We built a comprehensive analytics backbone that combined external market intelligence with internal performance data to create a single source of truth for the M&A process. The external layer pulled from Semrush (SEO and competitive traffic), SimilarWeb (market share and traffic benchmarking), INEGI (Mexico demographic and economic data), and Google Trends (category demand signals). The internal layer consolidated Google Analytics traffic data, listing volumes, revenue metrics, and customer cohort analysis from internal databases.

The challenge was standardization. Each market measured success differently — Mexico tracked listing volume, South Africa focused on paid penetration rates, Poland emphasized traffic share. We created a unified framework that expressed each market's position using consistent KPIs: market share by traffic, revenue per listing, customer lifetime value by segment, and growth rate relative to category benchmarks.

We produced market-by-market analytical packages that fed directly into pitch decks and due diligence data rooms. Each package included competitive landscape analysis (traffic trends, feature comparison, pricing benchmarks), financial deep-dives (revenue decomposition, cohort retention, unit economics), and market opportunity sizing (TAM estimates backed by external data sources, not internal projections).

The analytics had to serve two transactions: first the sale of eBay Classifieds to Adevinta, then later the sale of Adevinta's Emerging Markets portfolio to Quinto Andar. Each transaction required updated data packages with different buyer-specific angles — Adevinta cared about operational synergies across their existing European portfolio, while Quinto Andar focused on Latin American growth potential.

The Outcome

The analytics backbone supported both transactions through to successful completion. Buyers had the data they needed to make confident acquisition decisions, and the selling side could defend valuations with external benchmarks rather than internal optimism.

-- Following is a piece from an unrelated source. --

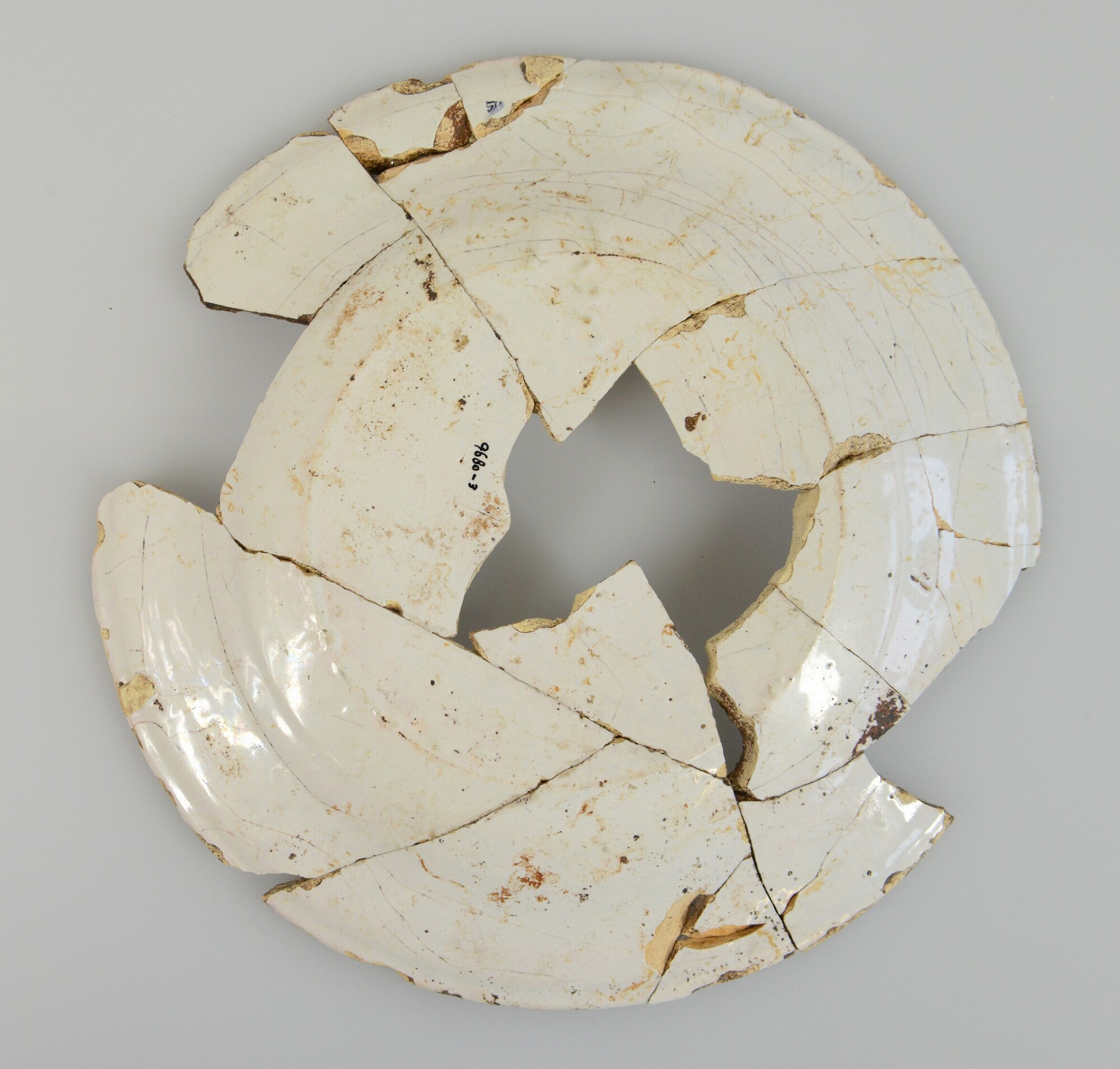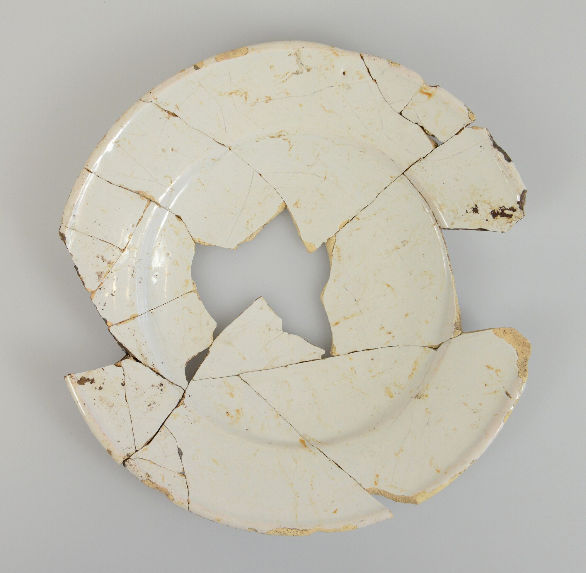Bord; f-bor-2; plat bord met platte spiegel, platte vlag inwendig met knik afgezet; faience; tinglazuur; geheel wit; standvlak; herkomst: Nederland

The standardized market framework became valuable beyond the M&A process itself — it gave eBay's corporate development team a reusable template for evaluating portfolio health across Emerging Markets. The competitive analysis surfaced insights that influenced product strategy even before the sales closed: we identified markets where competitors were gaining traffic share in specific categories, which informed defensive investments in the interim period. The Quinto Andar transaction specifically leveraged the Latin American market opportunity analysis we'd built, which became central to the buyer's growth thesis for the acquisition.

Beyond the transactions themselves, the process demonstrated how analytics infrastructure pays dividends in unexpected ways. The same data backbone that powered due diligence slides also informed day-to-day operational decisions — market share trends, competitive movements, and growth projections that were just as valuable to the GMs running the business as they were to the bankers evaluating it. Building the analytical muscle for M&A support simultaneously raised the bar for how the business used data in normal operations. The standardized market intelligence framework we created was subsequently used for quarterly board reporting, annual planning, and competitive strategy reviews — turning a one-time M&A deliverable into a permanent analytical capability.